(Extracted material Opens)
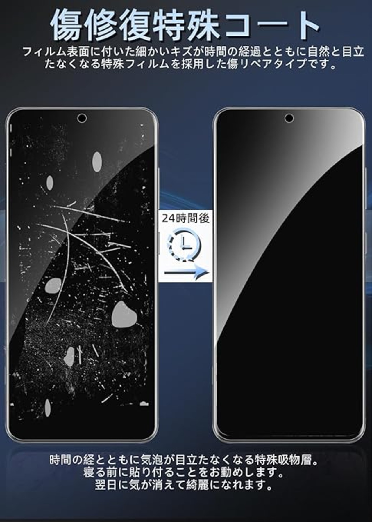 【ご注意】1.保護フィルムを貼り付ける前に、画面がホコリがないを確認下さい。吸着面に手に触れないで下さい。2.貼り付けた後、少し気泡を入りマスと、保護フィルムに傷をつかないため補助カード/手でフィルムを押しないでください。24-48時間以内に自然に消えて無くなりますのでご安心ください。3.周縁部分は指でウオッチ周縁を整理して、フィルムをスクリーンに密着させてください。
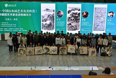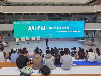 袁艺为同学们作题为《美丽中国一中国山水画艺术及其欣赏》的讲座。袁老师系统介绍了中国山水画的发展历程和各年代的画风特点,并展示了数十幅山水画,与同学们一起鉴赏。现场掌声阵阵,为各位大师和其作品送上同学们的敬意。
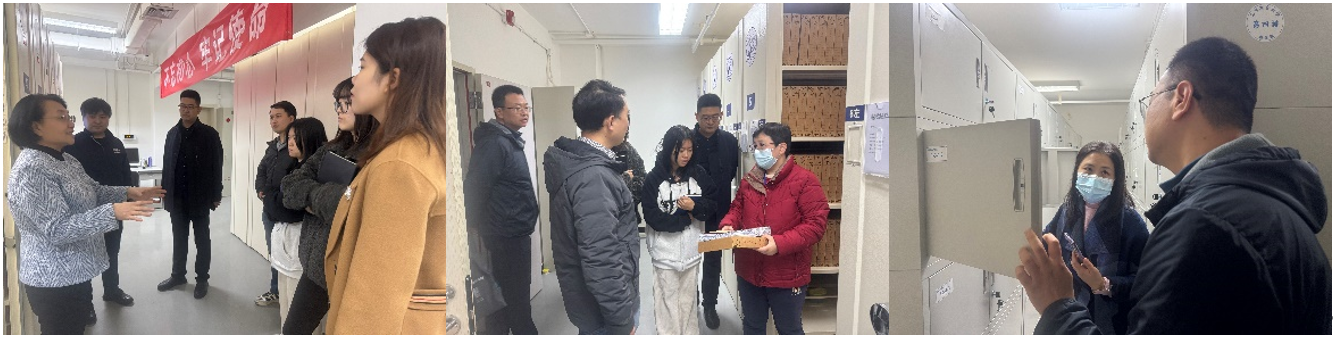 座谈前,甘长来一行还参观了校史馆、档案事业巡礼展览及档案库房。
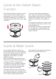 Using your VitaSteam Electronic Before using your VitaSteam Electronic for the first time, wash the steaming trays, rice bowl, lid and drip tray in warm soapy water. Rinse and dry thoroughly. Operate the Steamer for 15 minutes using a solution of 1 tablespoon lemon juice and 2 cups water in the reservoir. Note: You may notice a slight odour during this first operation. This is normal with many heating appliances and will not affect the performance of your Steamer. 1.
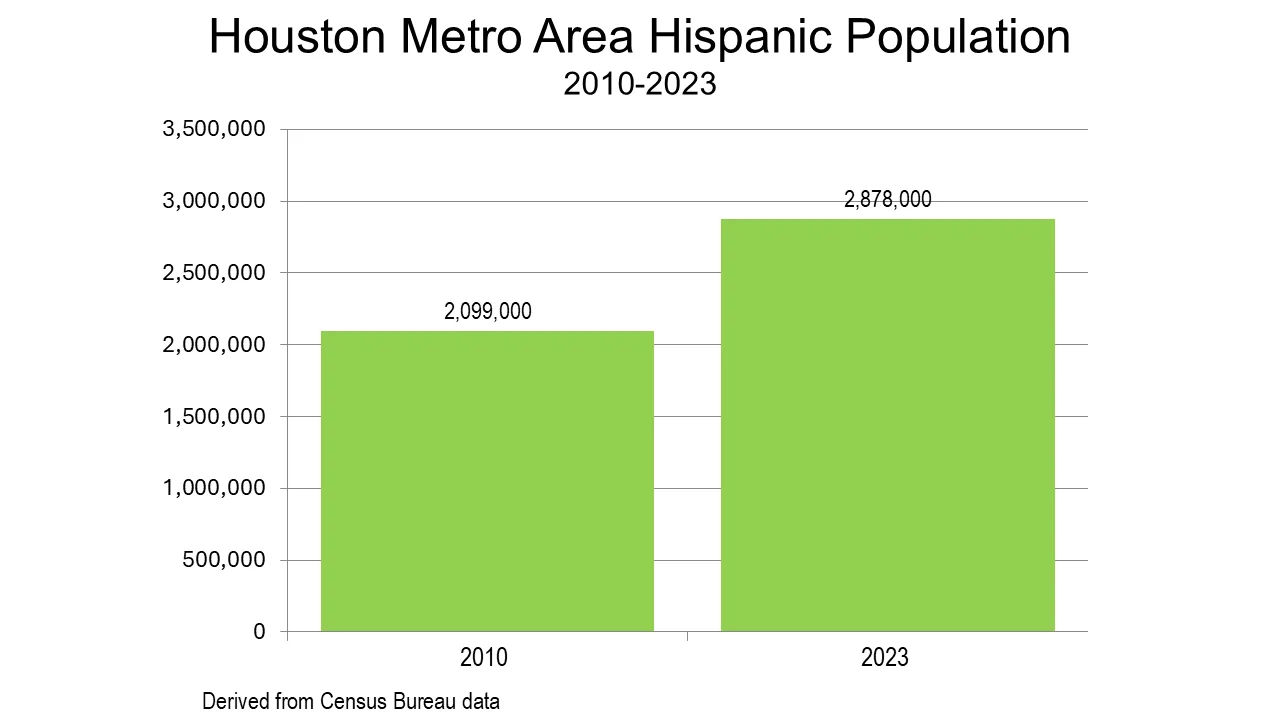 In 1960, Harris County, which includes Houston, was barely 10% Latino. Today that percentage is four times higher. Patrick Jankowski, former chief economist for the Greater Houston Economic Partnership, notes that the past decade has seen the area add over one million people, the majority of them Latino and barely one-tenth Anglo.
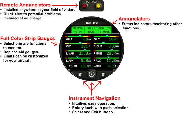 This combo package includes the CGR-30C & CGR-30P. TSO’d & STC’d as Primary Replacements. Instruments Fit Standard 3 1/8” Hole. Package Includes:
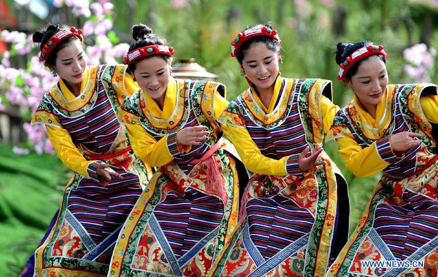 Folk performers dance during the 13th Nyingchi Peach Blossom Cultural Tourism Festival, in Gala Village of Nyingchi Prefecture, southwest China's Tibet Autonomous Region, March 30, 2015. The 13th Nyingchi Peach Blossom Cultural Tourism Festival kicked off here on Monday, where a series of activities are held for visitors to enjoy the spring view and local culture. (Xinhua/Liu Dongjun) |
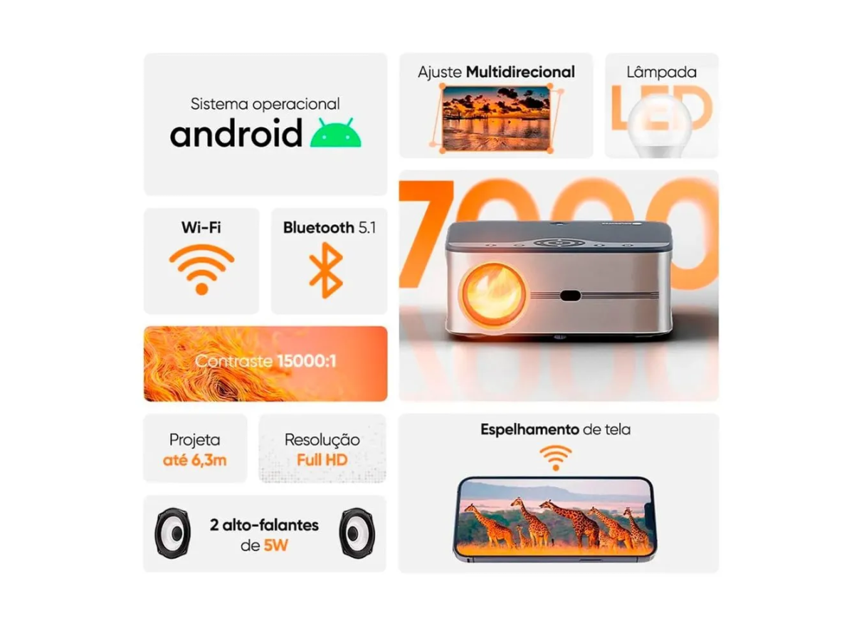 Projetor Multimídia Goldentec 7000 Lúmens Full HD com Android, HDMI, USB, AV é ideal para realizar projeções até 250", conta com resolução Full HD 1920*1080p e 7000 lúmens!
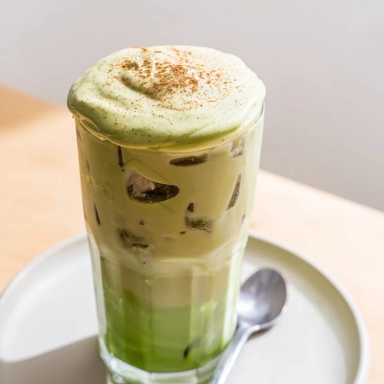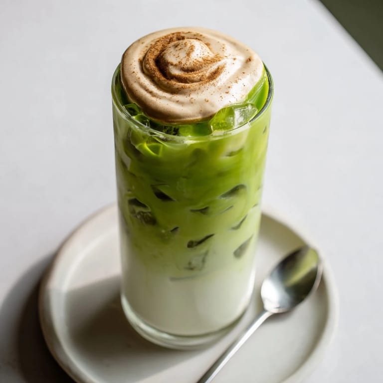 Save A vibrant iced matcha latte infused with cinnamon and vanilla, topped with a creamy, high-protein foam reminiscent of a cinnamon roll glaze. Refreshing, energizing, and indulgent perfect for a healthy treat or afternoon pick-me-up.
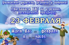 Приглашаем ВАС на утренник, посвященный Дню защитника Отечества!
(Extracted material Closes)
- [Task]
Starting at the line that contains "Save A vibrant", restate every line through the end of the records exactly as written, but leave the pictures out.

- [Completed exercise]
 Save A vibrant iced matcha latte infused with cinnamon and vanilla, topped with a creamy, high-protein foam reminiscent of a cinnamon roll glaze. Refreshing, energizing, and indulgent perfect for a healthy treat or afternoon pick-me-up.
 Приглашаем ВАС на утренник, посвященный Дню защитника Отечества!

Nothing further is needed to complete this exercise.